Minges explains that meeting identified market demands was
the main focus of the improved designs. “As energy efficiency is one of the
main drivers of industrial equipment usage, and minimum efficiency requirements
on certain equipment are often legislated, TLT-Turbo identified the need and
opportunity in the market for more efficient mining fans compared to what is
currently in use.”
The new designs include several innovative additions to
enhance performance in order to provide exceptional underground ventilation. The
fan range was developed using the latest in engineering flow technology which
allowed TLT-Turbo to improve the aerodynamics, and thus efficiency of the fans.
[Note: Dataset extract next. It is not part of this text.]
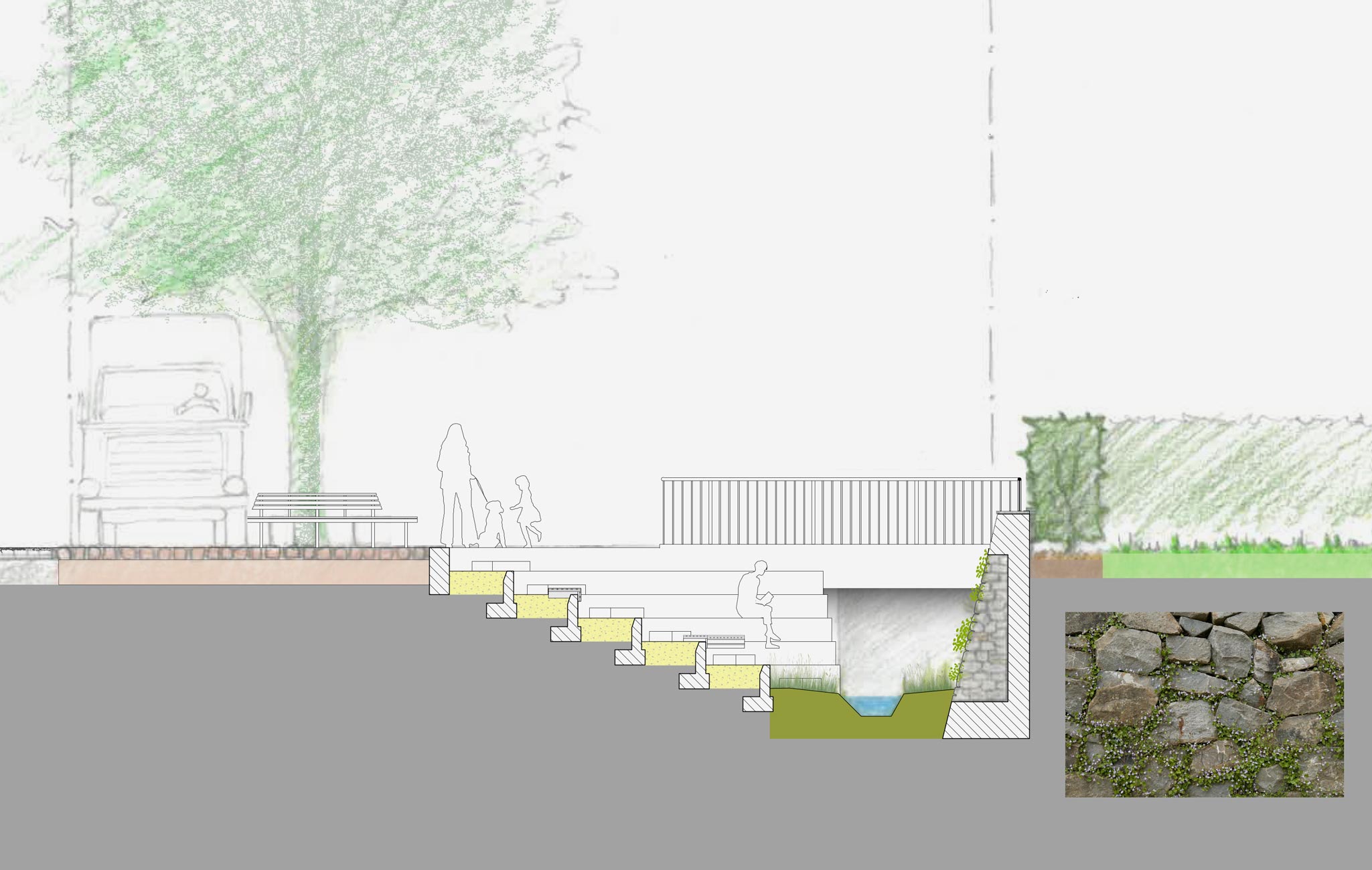 Das angrenzende Bachfenster als Öffnung zum unter dem Platz verlaufenden Bach ist auf der linken Uferseite mit Sitzstufen von der Platzfläche bis zum vegetationsgesäumten Bachbett abgestuft und ermöglicht mit seiner sich in den Platz ausdehnenden Öffnung das Bacherlebnis für alle. In seiner hydraulisch optimierten Formgebung weiten sich die Uferwände des Tunnels stufenförmig in Fliessrichtung aus, und bieten sich als grosszügige gekieste Stufen für den Aufenthalt und das Hinuntergehen zum Wasser an. Zum Auslauf der Bachöffnung verengen sich die Stufen wieder bis zur Senkrechte der Tunnelwand. Die rechte Uferseite sowie die Fassungen des zweiten Bachfensters bestehen aus geschichteten und in ihren Fugen begrünten Natursteinmauern.

A unique stator design and aerodynamic fairings, all manufactured from wear
resistant composite materials, result in improved efficiencies and reduced
noise levels. The modularity of the fan casings allow for quick and easy
assembly with interchangeable ancillary fan parts. The motor mounting in coherence with a
machined impeller track ensures low and controllable blade tip clearances for
improved performance and efficiencies. Pad mount motors are used for all fan
sizes and help reduce vibration levels in the axial direction of the motor
significantly which leads to longer motor bearing life and lower maintenance
requirements.
(Above) The first orders for the new range were received at the end of 2017
Minges says that all possible measures are taken to ensure
the highest quality and best possible performance of every fan supplied by
TLT-Turbo. “All fans are ISO 5801 tested, unless the client agrees to type
testing on higher volume orders. We ensure the client quoted performance is met
before the fans leave the factory. Test certificates on both raw data and
calculated performance can be provided on request. Fan efficiency is determined
with the performance test and this quality check ensures we deliver on what we
promised the client. Clients are regularly invited to witness the performance
tests to sign off on acceptance. The fans also come with pressure ports that
can be hooked up to a calibrated handheld measuring device to measure
performance in-situ.”
In addition to performance and efficiency, ease of
maintenance was also a major consideration in developing the new Auxiliary and
Booster range. The modularity of the product design and the interchangeable standardized
parts allows for quick turnaround time on parts supply. “For example, we only
have two blade types for the full product range and generally only one motor
barrel per fan size accommodating various motor sizes and types. Standardization
on the product is the key to successfully managing maintenance and repair as it
allows ample supply of spares for companies certified to do the repair work.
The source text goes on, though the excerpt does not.